Before presenting the results, it is worth emphasising an assumption about Local Council Elections: typically, these elections favour smaller parties and so we would expect the smaller parties to drastically outperform their current polling expectations. As we will see, this fact does not distort the predictions anywhere near as much as may naively be expected and the projected national vote shares are exceptionally close to our modelled omnibus numbers. 

The UNS shifts that one has to apply to each of the parties is shown in below — the SNP, Plaid Cymru, and Conservative model predictions are within 1 point of our November omnibus figures, whilst Labour sits within 2.5 points. This result is somewhat remarkable given the assumed bias of Local Elections and taking into consideration the considerable assumptions that underpin this kind of poststratification procedure. This method, whilst not perfectly recreating the omnibus numbers, does produce estimates which are within the mutual error margin of the model and the omnibus.

With this simple aggregated test passed it is now time to turn attention to the projected swing profiles of each party. These swing profiles are paramount to assessing any model’s ability to capture complex underlying dynamics. Previous investigations by the author have shown that upwards of 80% of party results from the past 60 years have demonstrated some form of proportional swing profile. In fact, those investigations showed that some parties can experience more extreme patterns of swing such as quadratic and cubic swing profiles.

The graphic below shows that such patterns are also captured by POLARIS – these trends are found using Akaike Information Criterion (AIC) searches which finds the most parsimonious polynomial fit to the data. Whilst the Labour profile is best described by a cubic, the ideal form is likely an exponential that tends to around -8 points for all 2024 vote shares above 30%. Meanwhile, the projected Reform UK swing is described by a quadratic curve, but with the wrong sign to allow for efficient vote shares.

Previous work on swing relationships from 1966 onwards shows that Labour’s most efficient election wins produce a negative quadratic swing curve that increases their vote share most in marginal seats. Reform UK’s curve will increase their vote share most in seats they are already performing well in. This may be due to Reform being close in relatively few marginal seats. As the party improves this may no longer be the case. Capturing these non-linear swing dynamics is not a guarantee of the model’s efficacy but it does point to the fact that it is able to capture the complex relationships other methods have failed to capture in the past.

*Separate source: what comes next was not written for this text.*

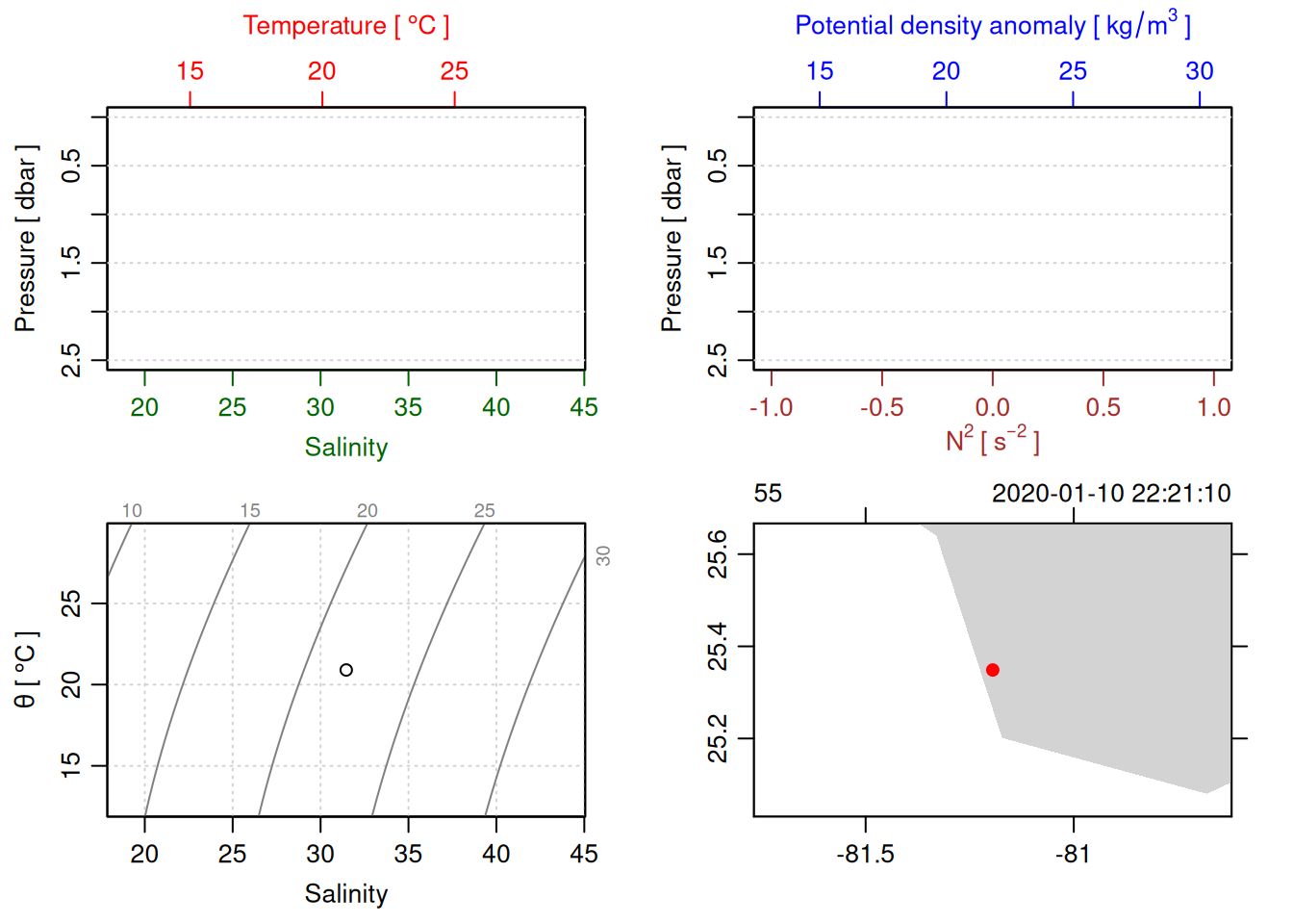 tryCatch({ trimmed_cast <-ctdTrim(cast) decimated_cast <-ctdDecimate(trimmed_cast, p =0.1)# plotting can cause the xlim failureplot(decimated_cast)# === export ===# Get the scan numbers that remain after cleaning cleaned_scans <- decimated_cast@data$scan# Load original raw data to keep all columns ctd_raw <- readr::read_csv(dataFile, show_col_types =FALSE)# Filter raw data to only include the cleaned scans cast_df <- ctd_raw %>%filter(!is.na(sea_water_pressure)) %>%# Remove rows without pressure datamutate(row_num =row_number()) %>%filter(row_num %in% cleaned_scans) %>%select(-row_num)# Add metadata cast_df <-mutate( cast_df,station = station_id,cruise_id = cruise_id )# Check if there are any rows in the cleaned dataif (nrow(cast_df) ==0) {cat("\n=== WARNING: NO DATA AFTER CLEANING ===\n")cat("Cast ID:", params$cast_id, "\n")cat("Station:", station_id, "\n")cat("Cruise:", cruise_id, "\n\n")cat("Raw data rows (with pressure):", sum(!is.na(ctd_raw$sea_water_pressure)), "\n")cat("Cleaned scans to keep:", length(cleaned_scans), "\n")cat("Resulting rows:", nrow(cast_df), "\n\n")cat("Raw data summary:\n")print(summary(ctd_raw[c("sea_water_pressure", "sea_water_temperature", "sea_water_salinity")]))cat("\nCleaned scans (first 20):\n")print(head(cleaned_scans, 20))cat("\n=== CSV FILE NOT CREATED (no data) ===\n\n") } else {# create folder if doesn't exist clean_data_loc <- here::here("data/02_clean")try(fs::dir_create(clean_data_loc))# save ctd to .csv (without row names/indices)write.csv(cast_df, glue("{clean_data_loc}/{params$cast_id}.csv"), row.names =FALSE)cat("Successfully saved", nrow(cast_df), "rows to", glue("{params$cast_id}.csv"), "\n") }}, error =function(e) {cat("\n=== CTD PROCESSING ERROR ===\n")cat("Cast ID:", params$cast_id, "\n")cat("Error message:\n", conditionMessage(e), "\n\n")# Safely inspect objects that might or might not exist when the error happenedif (exists("decimated_cast")) { df <-try(as.data.frame(decimated_cast@data), silent =TRUE)if (!inherits(df, "try-error")) {cat("Dataframe columns:\n")print(names(df))cat("\nSummary of key columns (scan, pressure, temperature, salinity if present):\n") known_cols <-intersect(c("scan", "pressure", "temp", "temperature", "salinity", "conductivity"), names(df))print(summary(df[known_cols], digits =3))cat("\nHead of dataframe:\n")print(head(df)) } else {cat("Could not extract dataframe from decimated_cast.\n") } } else {cat("decimated_cast was never created before the error.\n") }cat("\n=== END ERROR DEBUG INFO ===\n\n")})

The actual seat counts make for grim reading for the Labour Party with them potentially losing 155 seats with 64 passing over to Reform UK and 81 passing to the Conservatives – see below. According to this analysis, it is likely that Labour would still be the largest party and be forced into a minority coalition with the Liberal Democrats and seek support of other smaller parties to pass legislation. This would have echoes of the 1974 general elections, bouncing the country back into another general election a few months later.

This would drastically change the electoral map of Britain – top of page – with Reform UK picking up seats across the country, including a number around Rochdale as well as the Thames Estuary. Labour would be beaten back by the Conservatives in Southern seats that Labour won from them in 2024 and by Reform UK in the North. Labour would still hold on North of the Border, with Scotland being the lynchpin in the electoral system. If Scotland were to fall back to the SNP, then coalition government would become even more complex or downright impossible.


Conclusions

This method presents a novel way to mine a rich data set to perform some form of current seat projection. There are of course pitfalls. Council By-Elections are often seen as a referendum on the governing party, making these events systematically biased against the government. These elections are also very atomized – there is very little consideration of the wider political environment which can affect voter’s behaviour. That being said, this method likely predicts the worst-case reasonable scenario for Labour right now. It is likely that Labour would outperform these numbers, given the typical aversion of the public for coalition governments. POLARIS presents an opportunity to track changes in seat count without performing large scale and expensive surveys. The mathematical underpinnings are sound, and the method is not novel – its application here is.